■ Exercise aim
Once the line holding "ISO9001質(zhi)量管理體系認(rèn)證證書" is found in the entries below, transcribe exactly every line up to and including the one holding "- Exquisite Workmanship:The", but leave out the pictures.

** Opening Data extracts block **

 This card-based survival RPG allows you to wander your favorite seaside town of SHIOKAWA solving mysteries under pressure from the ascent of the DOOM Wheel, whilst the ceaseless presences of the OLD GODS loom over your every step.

** Closing Data extracts block **
** Opening Data extracts block **

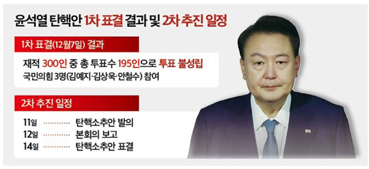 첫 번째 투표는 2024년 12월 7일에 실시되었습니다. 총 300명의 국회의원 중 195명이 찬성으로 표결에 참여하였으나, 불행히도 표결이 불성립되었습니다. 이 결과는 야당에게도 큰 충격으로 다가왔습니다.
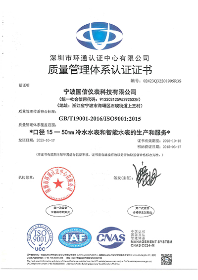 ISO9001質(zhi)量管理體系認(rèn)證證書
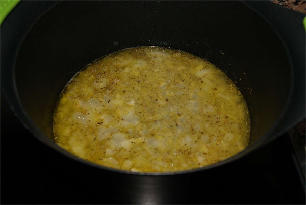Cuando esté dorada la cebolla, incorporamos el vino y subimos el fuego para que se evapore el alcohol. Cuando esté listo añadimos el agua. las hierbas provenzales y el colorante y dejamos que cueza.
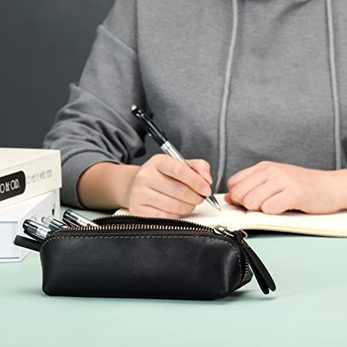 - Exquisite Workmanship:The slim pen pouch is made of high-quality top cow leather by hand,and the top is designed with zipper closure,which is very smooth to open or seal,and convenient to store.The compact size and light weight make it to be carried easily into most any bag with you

** Closing Data extracts block **

■ Answer section
 ISO9001質(zhi)量管理體系認(rèn)證證書
Cuando esté dorada la cebolla, incorporamos el vino y subimos el fuego para que se evapore el alcohol. Cuando esté listo añadimos el agua. las hierbas provenzales y el colorante y dejamos que cueza.
 - Exquisite Workmanship:The slim pen pouch is made of high-quality top cow leather by hand,and the top is designed with zipper closure,which is very smooth to open or seal,and convenient to store.The compact size and light weight make it to be carried easily into most any bag with you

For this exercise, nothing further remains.